- PROBLEM TO WORK ON
From the listing below, please restate exactly the lines beginning at the one with "These 14K yellow" and ending at the one with "1年生 図画工作科 公開日", both included, and skip the pictures.

- RECORD EXCERPTS
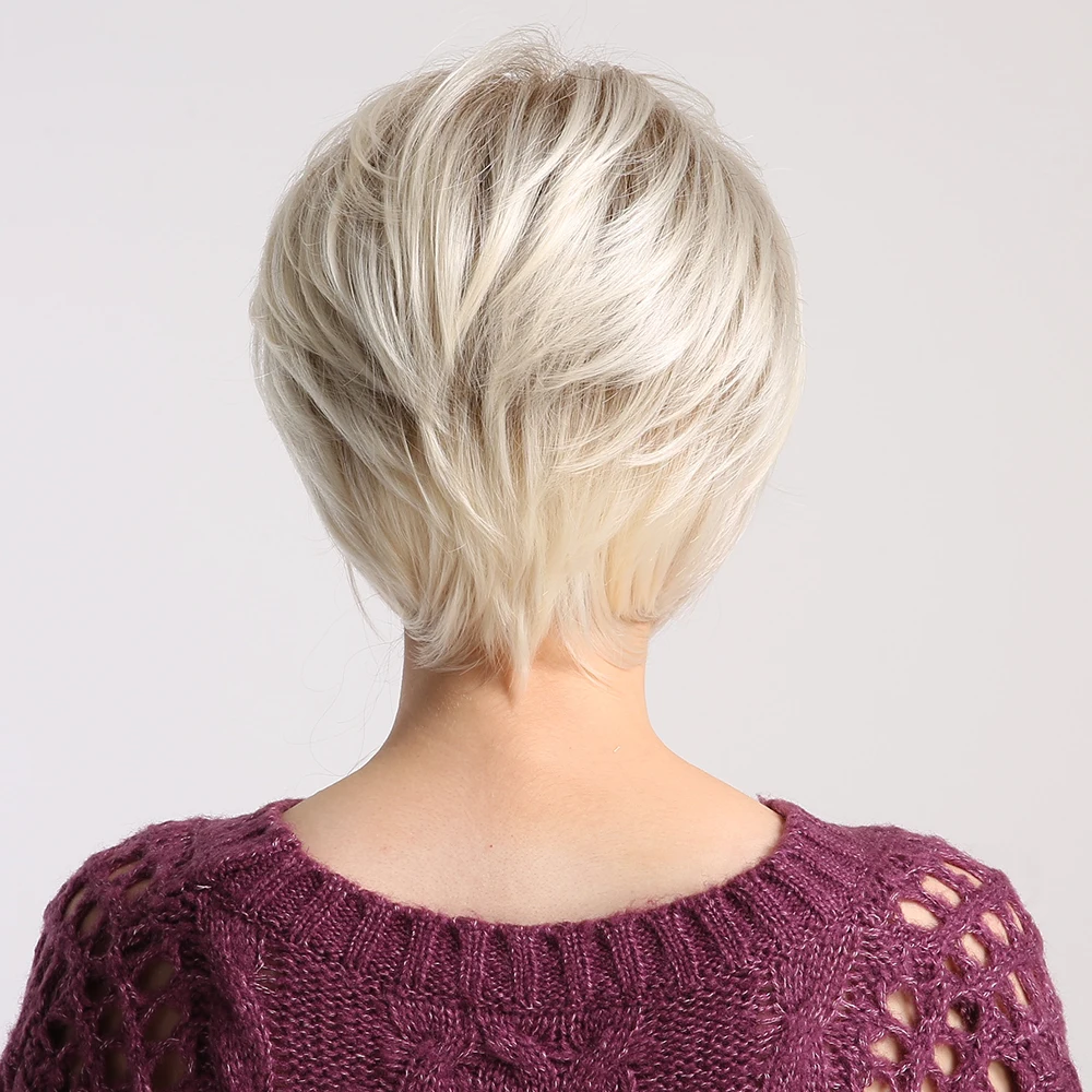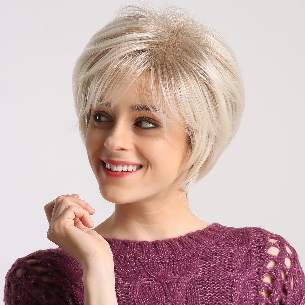 ESIN светильник-коричневый Омбре белые светлые короткие волосы натуральный ежедневный парик с челкой фронтальные синтетические парики боб парик женские парики
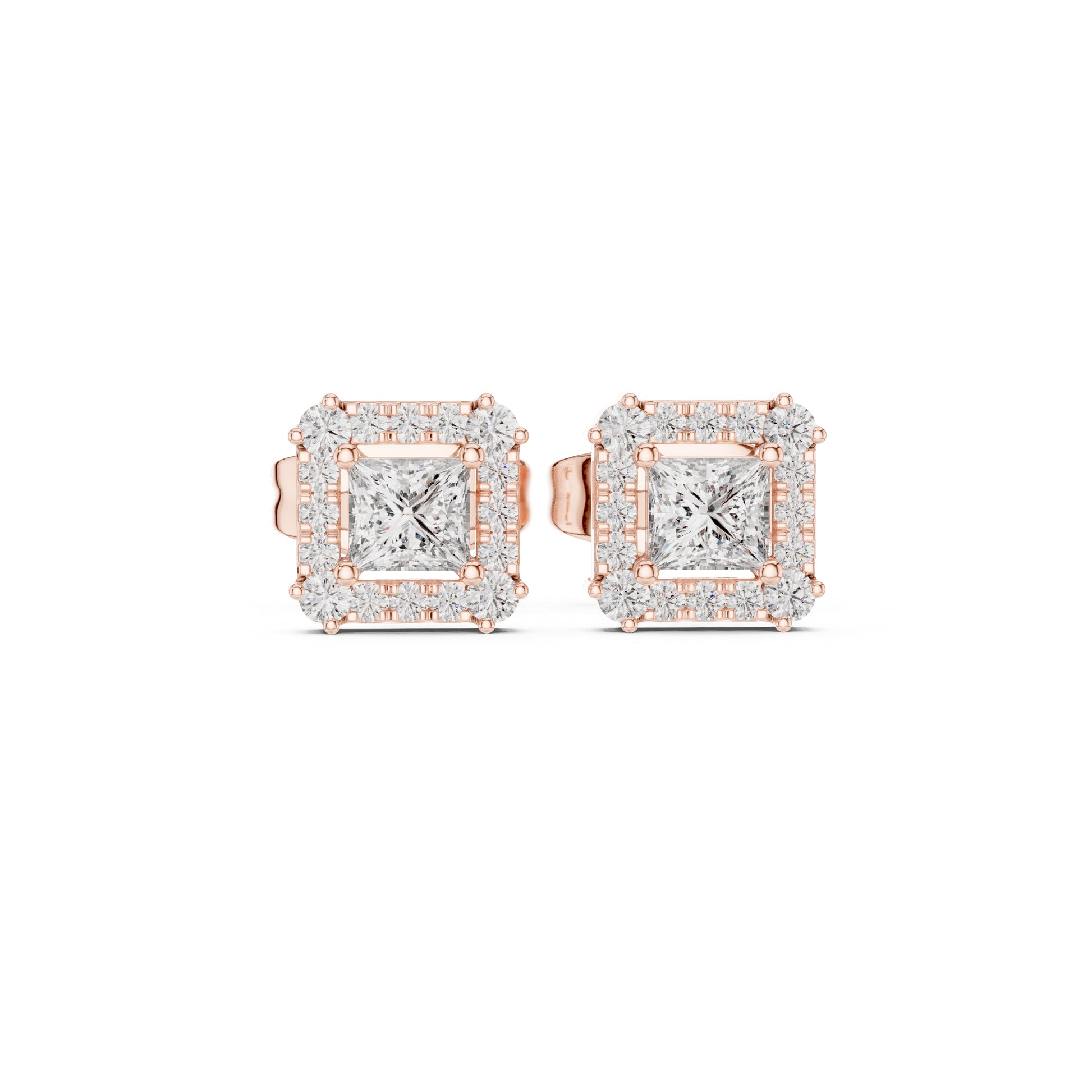 These 14K yellow gold round & princess lab-grown diamond engagement earrings combine classic sparkle with modern geometric design, ideal for women who love stylish and elegant jewellery. Perfect for engagement outfits and special occasions.
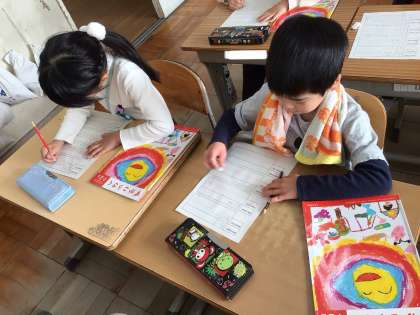 1年生 図画工作科 公開日 2024/12/04 更新日 2024/12/04 各学年から 「さわりごこち はっけん」 外にあるもの、教室にあるものを手で触って、いろいろな触り心地があることを発見しました。紙にまとめて友達に発表しました。
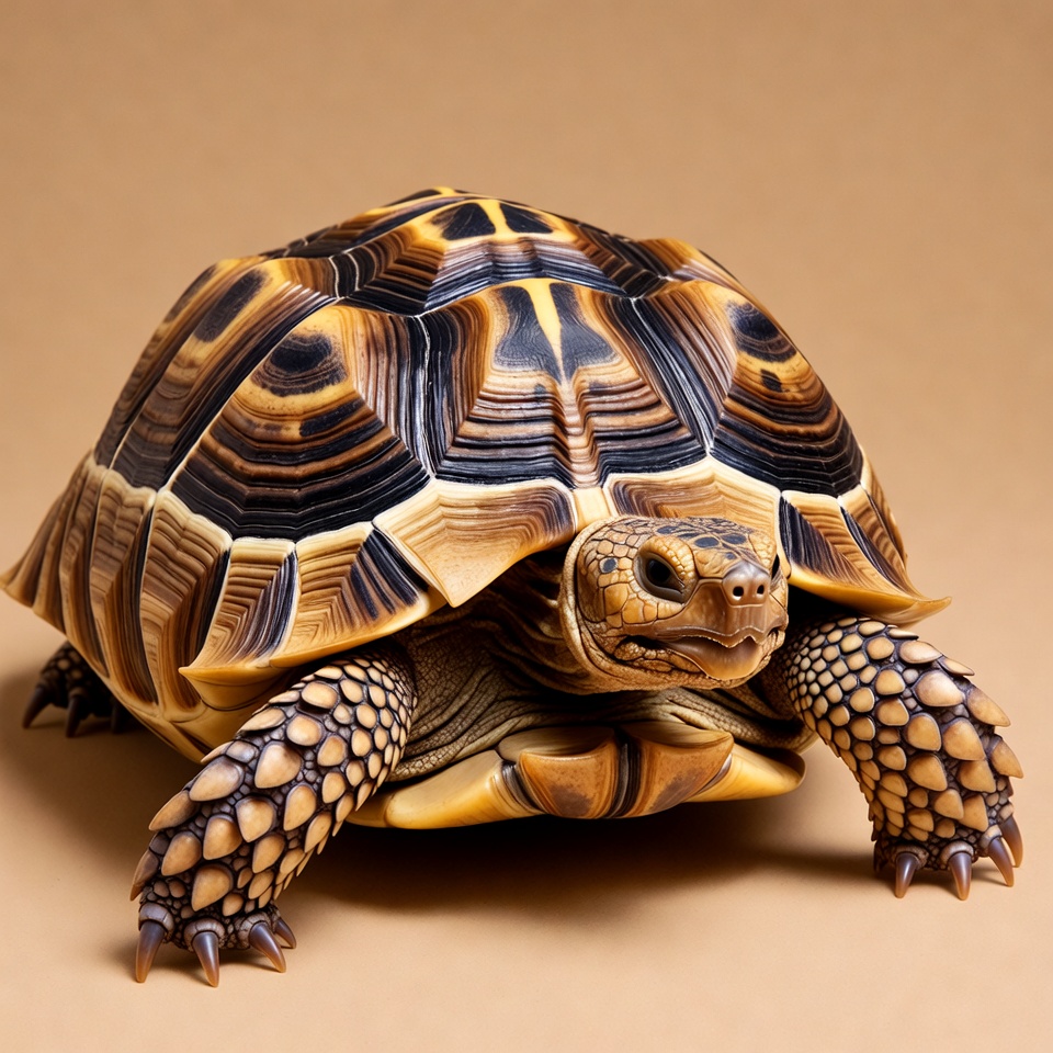 animal, beige background, black patterns, detailed shell, exotic pet, geometric shell, head, isolated background, legs, macro photo, radiated tortoise, reptile, shell, textured skin, turtle, wildlife, yellow shell, tortoise
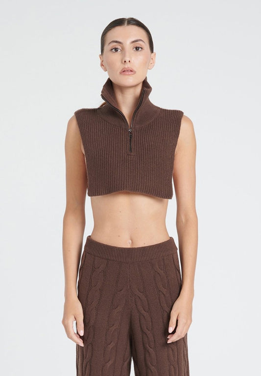 Col montant zippé femme en cachemire 4 fils marron - ZAYA 1
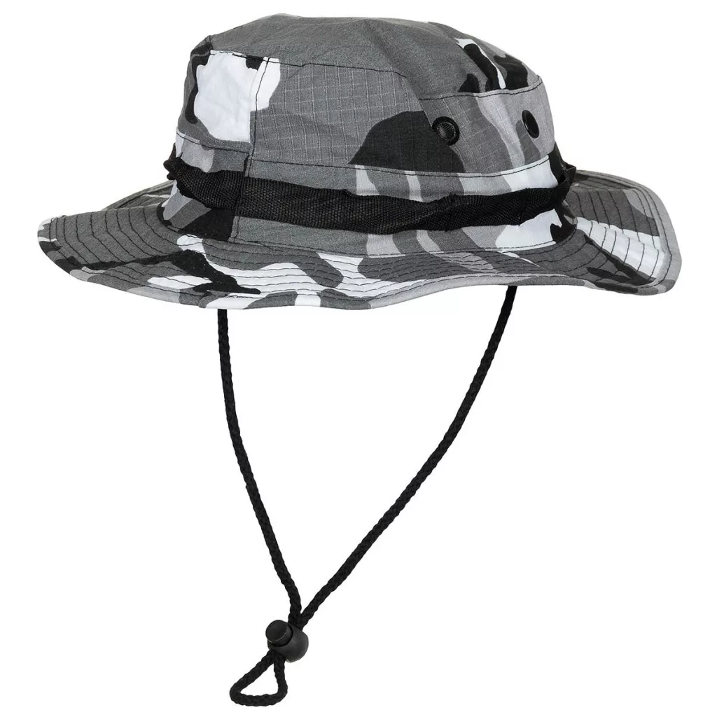 A többszörösen varrott karima stabil tartást biztosít, miközben véd a napsütés ellen. A kalap körül futó hurkok lehetővé teszik álcázó elemek vagy kisebb kiegészítők rögzítését. Az oldalsó szellőzőnyílások hálós betéttel gondoskodnak a megfelelő szellőzésről.
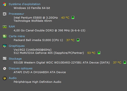 Quant au processeur, il ne semble pas chauffer outre mesure, il oscille entre 40° et 50° en utilisation simple.
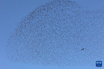 每年一二月份,大量椋鸟飞抵以色列越冬。
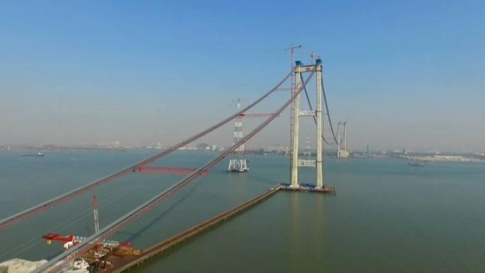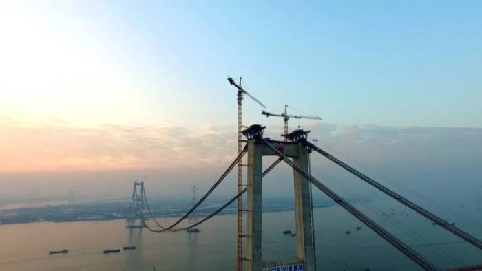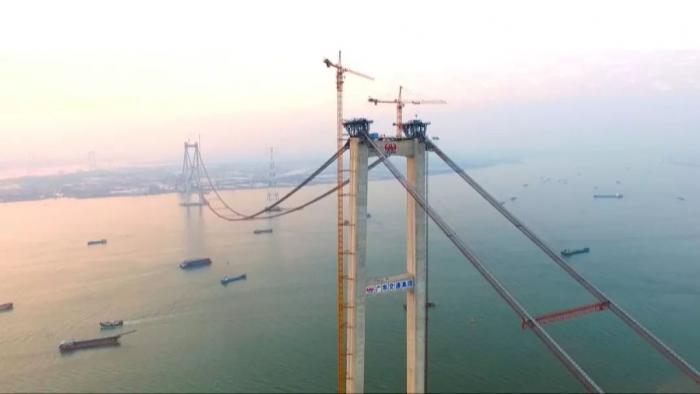 目前虎门二桥全线主体和主塔,已经顺利安装完成,即将进入吊装阶段,预计在今年上半年全部安装完毕。
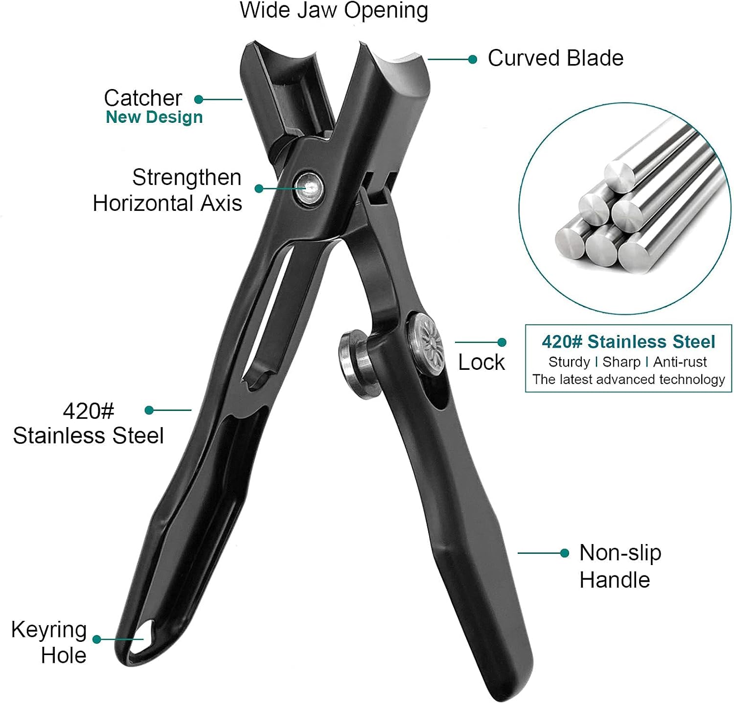 Toe Nail Clippers for Thick Nails for Seniors, Wide Jaw Opening Ultra Sharp No Splash Nail Clippers for Men Heavy Duty Stainless Steel (Black)

- EXERCISE RESULT
 These 14K yellow gold round & princess lab-grown diamond engagement earrings combine classic sparkle with modern geometric design, ideal for women who love stylish and elegant jewellery. Perfect for engagement outfits and special occasions.
 1年生 図画工作科 公開日 2024/12/04 更新日 2024/12/04 各学年から 「さわりごこち はっけん」 外にあるもの、教室にあるものを手で触って、いろいろな触り心地があることを発見しました。紙にまとめて友達に発表しました。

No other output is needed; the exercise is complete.